Cumhurbaşkanı Tayyip Erdoğan, geçtiğimiz günlerde İsveç ve Finlandiya için “NATO üyeliklerine olumlu bakmıyoruz” demişti. İsveç ve Finlandiya’nın NATO’ya üyelik müracaatlarını pahalandıran Gelecek Partisi Genel Lideri Ahmet Davutoğlu, Türkiye’nin kapılarını kapatmamasını ve NATO üyeliklerinin Türkiye’nin AB üyeliğini olumlu tarafta etkilemesinin sağlanmasını söyledi.

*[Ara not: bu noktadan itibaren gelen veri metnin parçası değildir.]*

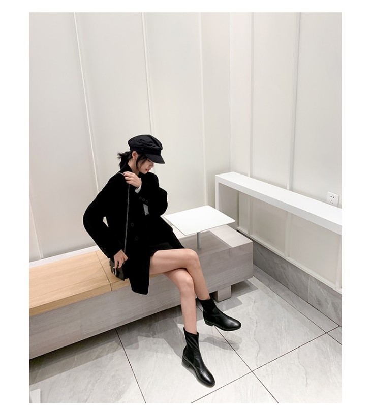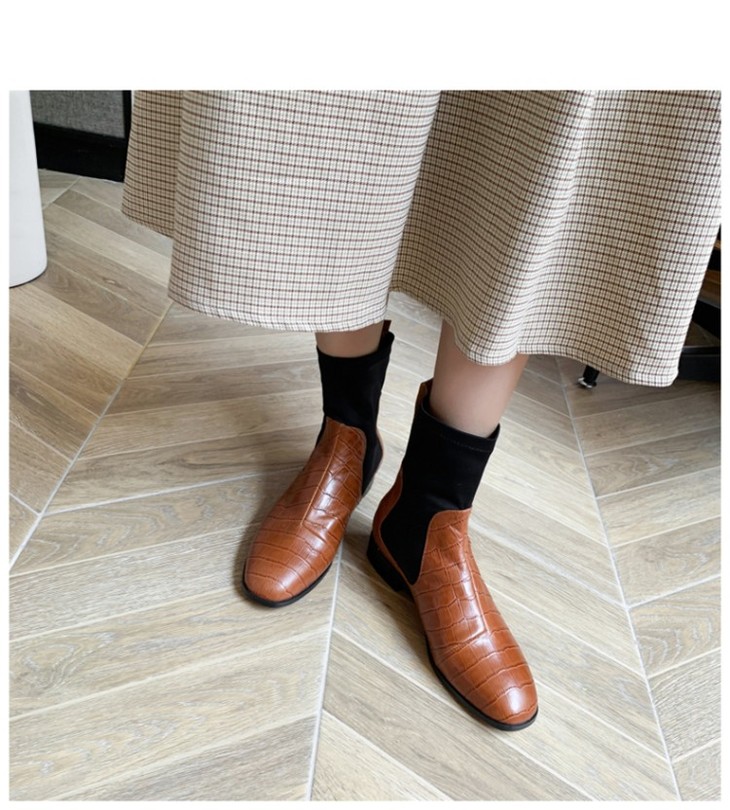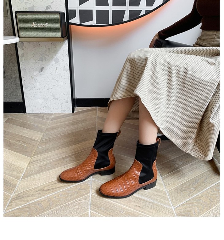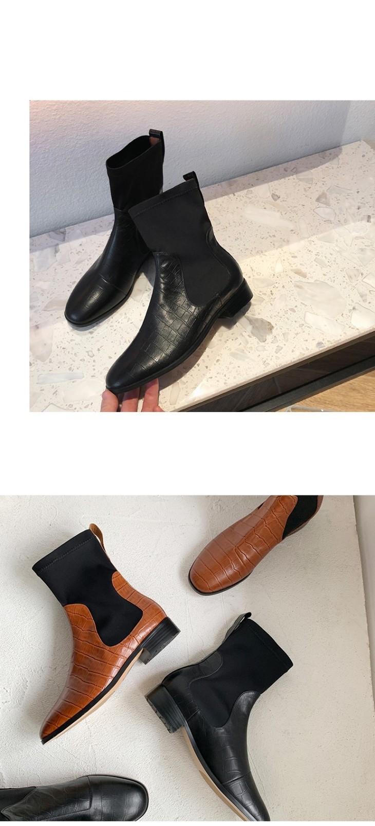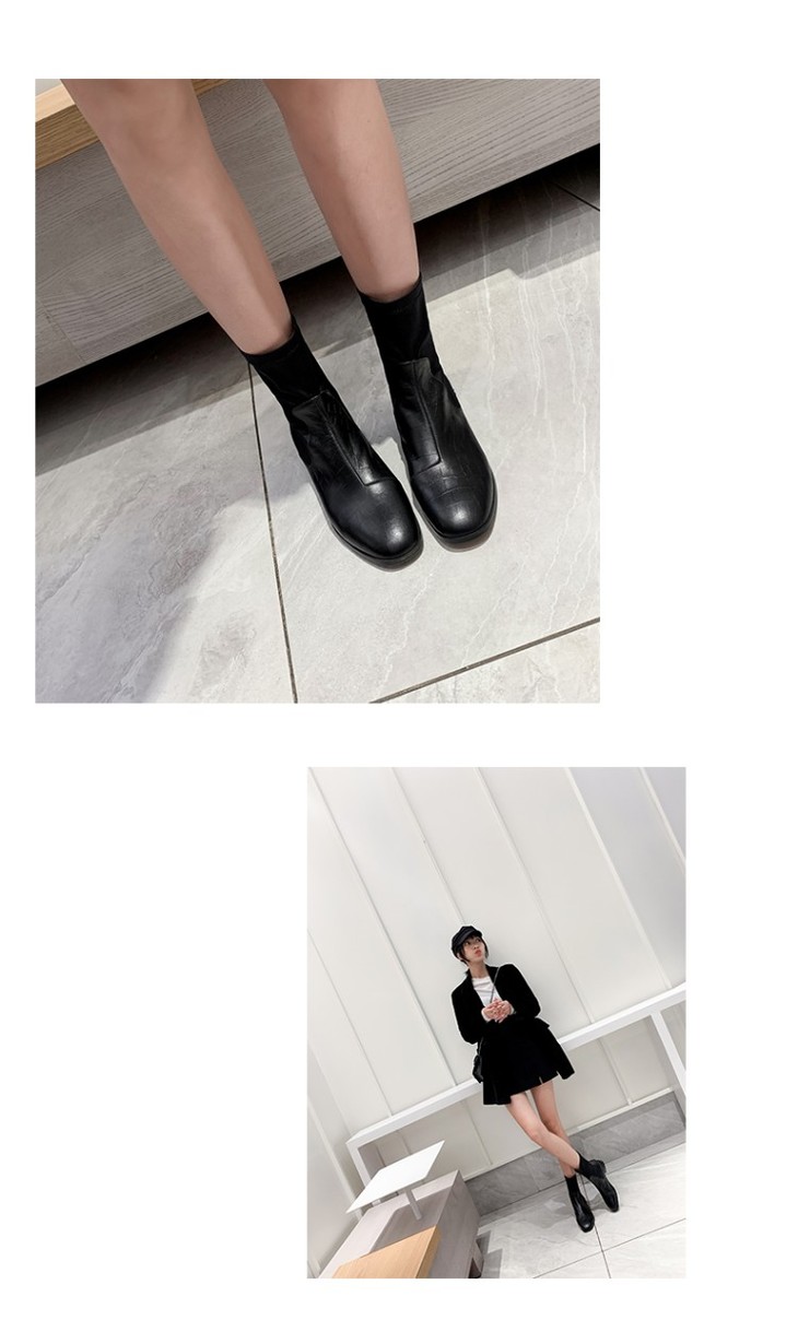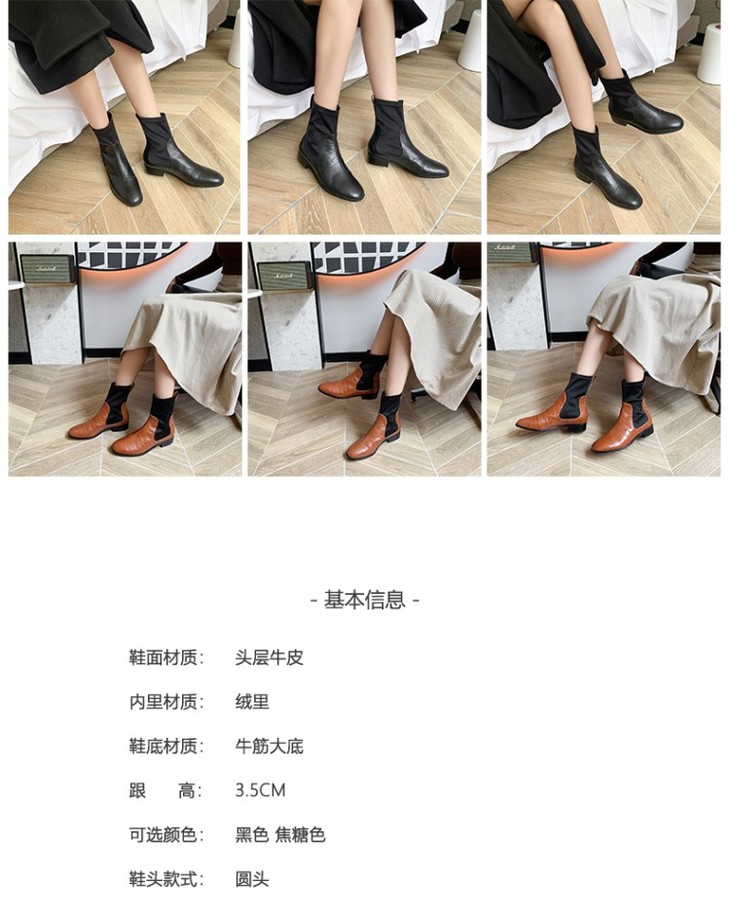 QQJ-JW-709 秋季新款圆头方根纯色真皮弹力靴松紧带复古时尚低跟短筒靴

ERDOĞAN’IN GÜNLÜK BORSA ÜZERE DEĞİŞEN AÇIKLAMALARI
Erdoğan’ın NATO üyeliği konusunda kısa bir müddet evvel Finlandiya Cumhurbaşkanına Finlandiya’nın üyeliğini destekleyeceklerini söylediğini hatırlatan Davutoğlu, “Erdoğan’ın günlük borsa üzere değişen açıklamaları, devleti temsilen konuşan yetkililerin birbirleriyle lakin en çok da Cumhurbaşkanı ile aykırı düşen sözleri devlet ciddiyetine de, diplomasi geleneğimize de, en temel bağlantı prensiplerine de alışılmamıştır.” sözlerini kullandı.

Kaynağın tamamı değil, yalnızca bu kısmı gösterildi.